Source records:
========================================================================

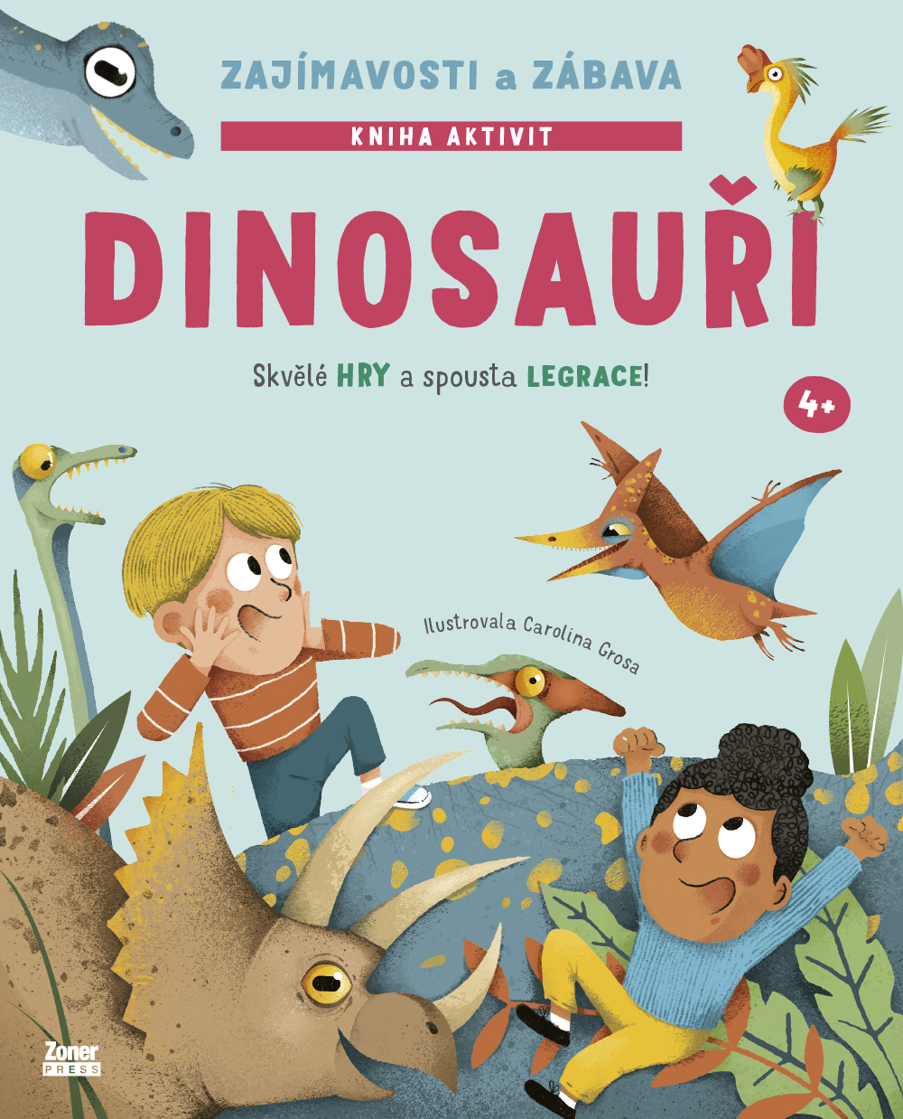 Fascinují vaše dítě dinosauři, ale na obsáhlé encyklopedie je ještě malé? V této knížce vás čeká ideální kombinace her a zajímavých informací, které malého zvědavce nebo malou vědkyni zaujmou i pobaví! Dinosauři: zajímavosti a zábava nabízí spoustu aktivit, při kterých dítě rozvíjí svou pozornost a logické myšlení, ale i paměť a jemnou motoriku. Můžete se těšit na barevné doplňovačky, vybarvování, bludiště, hledání rozdílů nebo třeba kreslení podle jednoduchých postupných kroků. To vše je doplněné o mnoho faktů týkajících se dinosaurů a paleontologie! Co jsou to fosilie a jak vznikají? Který dinosaurus měl na hlavě tvrdou kostěnou korunu a čím byl výjimečný tvor zvaný nanosaurus? Jak se jmenuje dinosaurus, který byl objeven jako první, a čím se živil pterodactylus? Tato kniha aktivit zodpoví nejen tyto, ale i spoustu dalších otázek! Užijte si tohle dobrodružství společně! Kniha je vhodná pro děti od 4 let. Ve stejné edici vyšla také Zvířátka: zajímavosti a zábava! O autorovi:Carolina Grosa se narodila v roce 1993 v Itálii. Pracuje jako grafická designérka a tvůrkyně grafických scénářů a věnuje se dětským ilustracím a ilustracím pro vydavatelství a školy. Vystudovala vizuální tvorbu a filmovou animaci v Turíně a získala diplom z experimentální kinematografie.
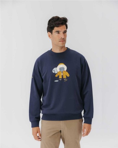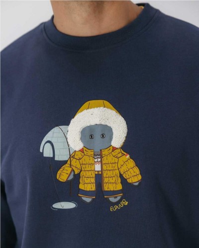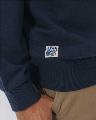 Sudadera elPulpo, tejido 100% algodón orgánico y teñida en un elegante color azul marino delavé. Su diseño exclusivo y su corte cómodo la convierten en una prenda versátil ideal para cualquier ocasión.
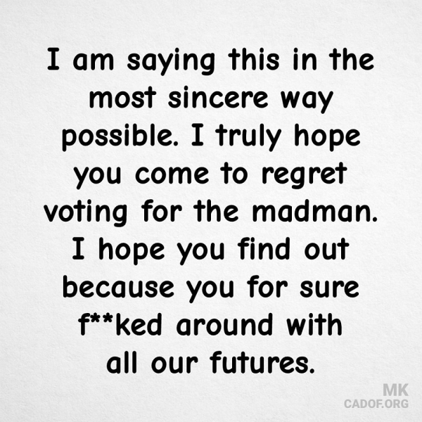 Note here — saying the above may be made me feel better, but it really isn't going to do anything much. Only if we can take back control can we begin the long difficult process of re-installing proper procedures in our government. While it also doesn't help much I do note that many Maga are not fairing well either and that a large score of them have enough left to be angry and upset and feel cheated.
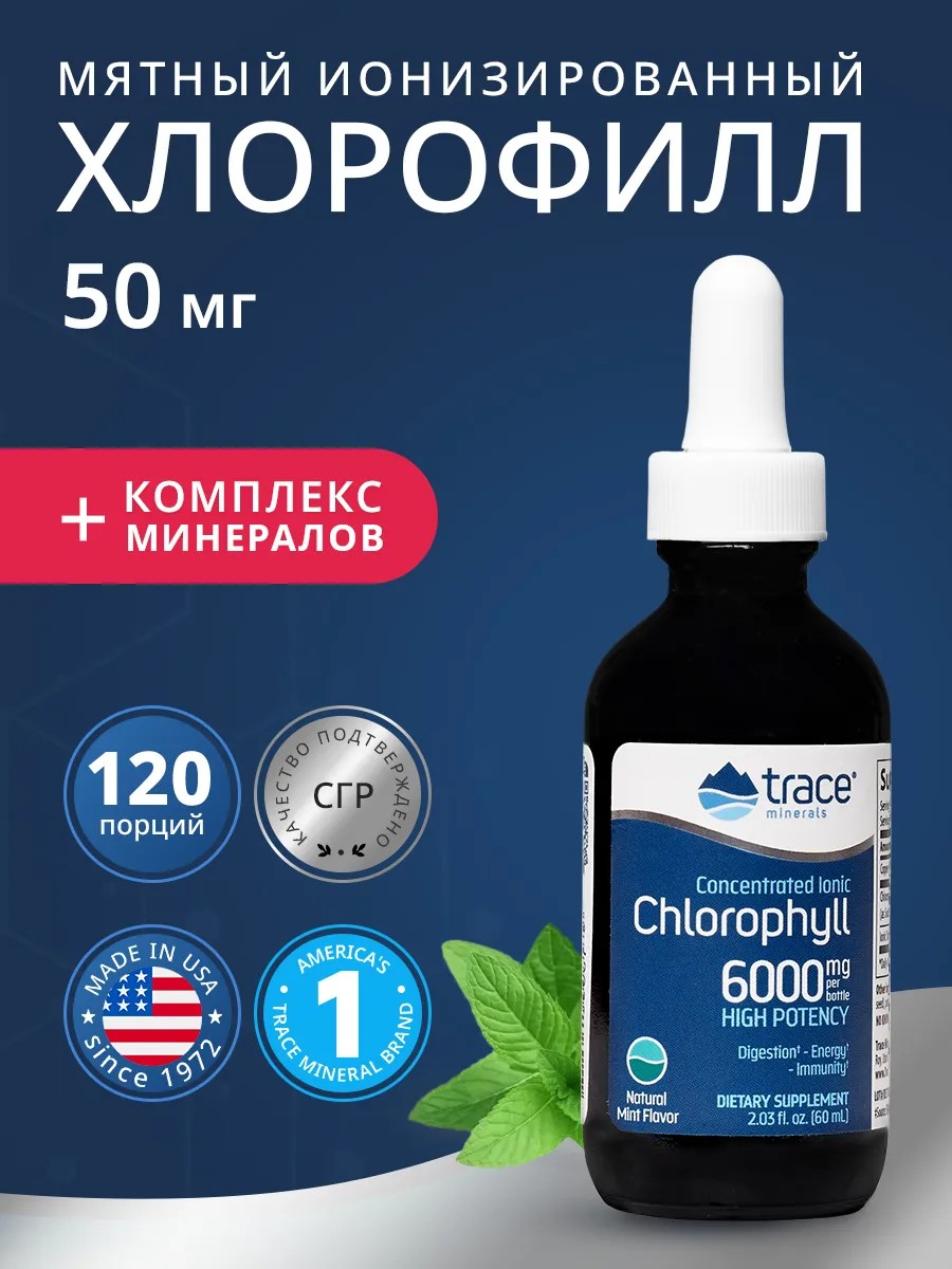 Trace Minerals' mint-flavored ionic liquid chlorophyll supports gastrointestinal function, normalizes microflora, and eliminates bad breath; it cleanses the body and promotes weight loss; improves skin quality and eliminates unpleasant body odors.
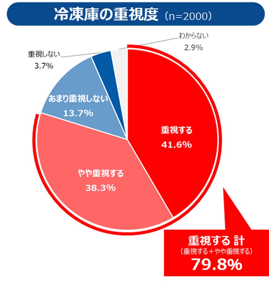 ✔ 冷凍庫の重視度:「次に冷蔵庫を買うなら、冷凍庫の機能や容量を重視する」人は、約8割

========================================================================

> Task statement: Write out the data once more exactly, omitting the pictures.

> Exercise answer:
 Fascinují vaše dítě dinosauři, ale na obsáhlé encyklopedie je ještě malé? V této knížce vás čeká ideální kombinace her a zajímavých informací, které malého zvědavce nebo malou vědkyni zaujmou i pobaví! Dinosauři: zajímavosti a zábava nabízí spoustu aktivit, při kterých dítě rozvíjí svou pozornost a logické myšlení, ale i paměť a jemnou motoriku. Můžete se těšit na barevné doplňovačky, vybarvování, bludiště, hledání rozdílů nebo třeba kreslení podle jednoduchých postupných kroků. To vše je doplněné o mnoho faktů týkajících se dinosaurů a paleontologie! Co jsou to fosilie a jak vznikají? Který dinosaurus měl na hlavě tvrdou kostěnou korunu a čím byl výjimečný tvor zvaný nanosaurus? Jak se jmenuje dinosaurus, který byl objeven jako první, a čím se živil pterodactylus? Tato kniha aktivit zodpoví nejen tyto, ale i spoustu dalších otázek! Užijte si tohle dobrodružství společně! Kniha je vhodná pro děti od 4 let. Ve stejné edici vyšla také Zvířátka: zajímavosti a zábava! O autorovi:Carolina Grosa se narodila v roce 1993 v Itálii. Pracuje jako grafická designérka a tvůrkyně grafických scénářů a věnuje se dětským ilustracím a ilustracím pro vydavatelství a školy. Vystudovala vizuální tvorbu a filmovou animaci v Turíně a získala diplom z experimentální kinematografie.
 Sudadera elPulpo, tejido 100% algodón orgánico y teñida en un elegante color azul marino delavé. Su diseño exclusivo y su corte cómodo la convierten en una prenda versátil ideal para cualquier ocasión.
 Note here — saying the above may be made me feel better, but it really isn't going to do anything much. Only if we can take back control can we begin the long difficult process of re-installing proper procedures in our government. While it also doesn't help much I do note that many Maga are not fairing well either and that a large score of them have enough left to be angry and upset and feel cheated.
 Trace Minerals' mint-flavored ionic liquid chlorophyll supports gastrointestinal function, normalizes microflora, and eliminates bad breath; it cleanses the body and promotes weight loss; improves skin quality and eliminates unpleasant body odors.
 ✔ 冷凍庫の重視度:「次に冷蔵庫を買うなら、冷凍庫の機能や容量を重視する」人は、約8割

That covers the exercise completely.